■ **PROMPT**
Going through the material below, output exactly the lines from the one containing "A blonde woman" through the one containing "a hyper-linked index)", and no pictures.

■ **DATASET EXCERPTS**
□ □ □ □ □
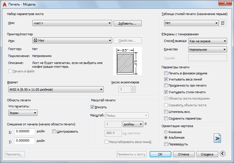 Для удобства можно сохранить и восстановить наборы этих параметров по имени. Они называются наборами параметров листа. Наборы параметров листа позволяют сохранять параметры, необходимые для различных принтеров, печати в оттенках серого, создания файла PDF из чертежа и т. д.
□ □ □ □ □
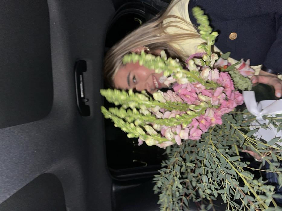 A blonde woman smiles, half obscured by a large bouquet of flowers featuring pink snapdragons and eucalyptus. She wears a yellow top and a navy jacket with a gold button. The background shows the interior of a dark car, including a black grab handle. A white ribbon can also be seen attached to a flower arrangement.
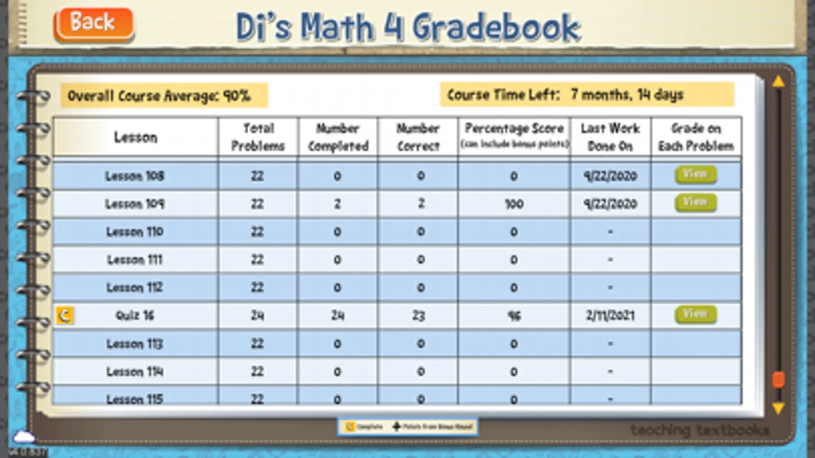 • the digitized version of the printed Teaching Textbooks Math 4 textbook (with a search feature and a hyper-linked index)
□ □ □ □ □
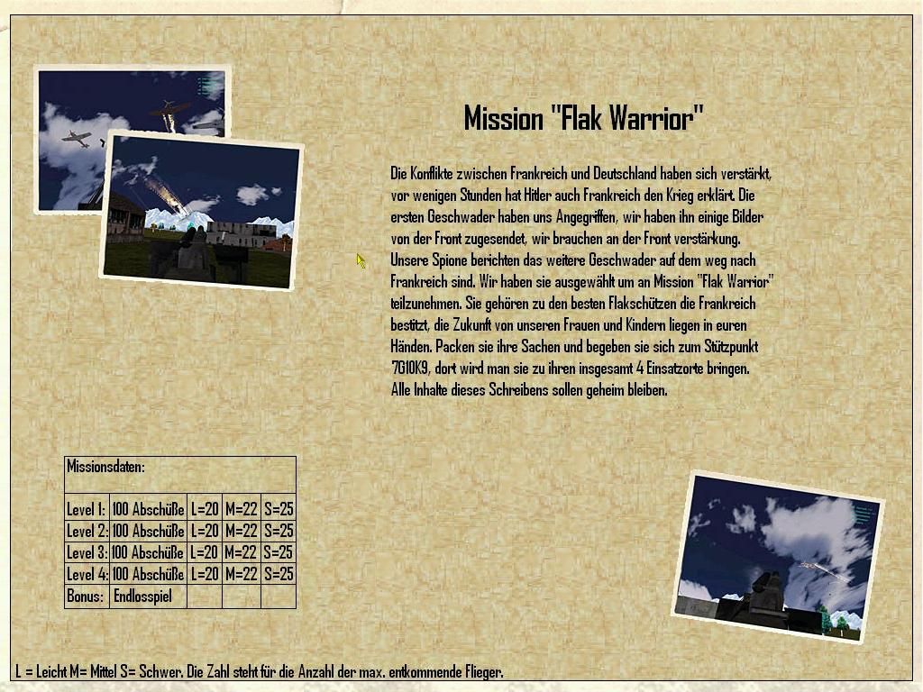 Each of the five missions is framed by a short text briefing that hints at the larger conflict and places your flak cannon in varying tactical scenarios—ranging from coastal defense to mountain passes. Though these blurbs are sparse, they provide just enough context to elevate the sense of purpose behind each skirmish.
□ □ □ □ □
■ **RESPONSE AREA**
 A blonde woman smiles, half obscured by a large bouquet of flowers featuring pink snapdragons and eucalyptus. She wears a yellow top and a navy jacket with a gold button. The background shows the interior of a dark car, including a black grab handle. A white ribbon can also be seen attached to a flower arrangement.
 • the digitized version of the printed Teaching Textbooks Math 4 textbook (with a search feature and a hyper-linked index)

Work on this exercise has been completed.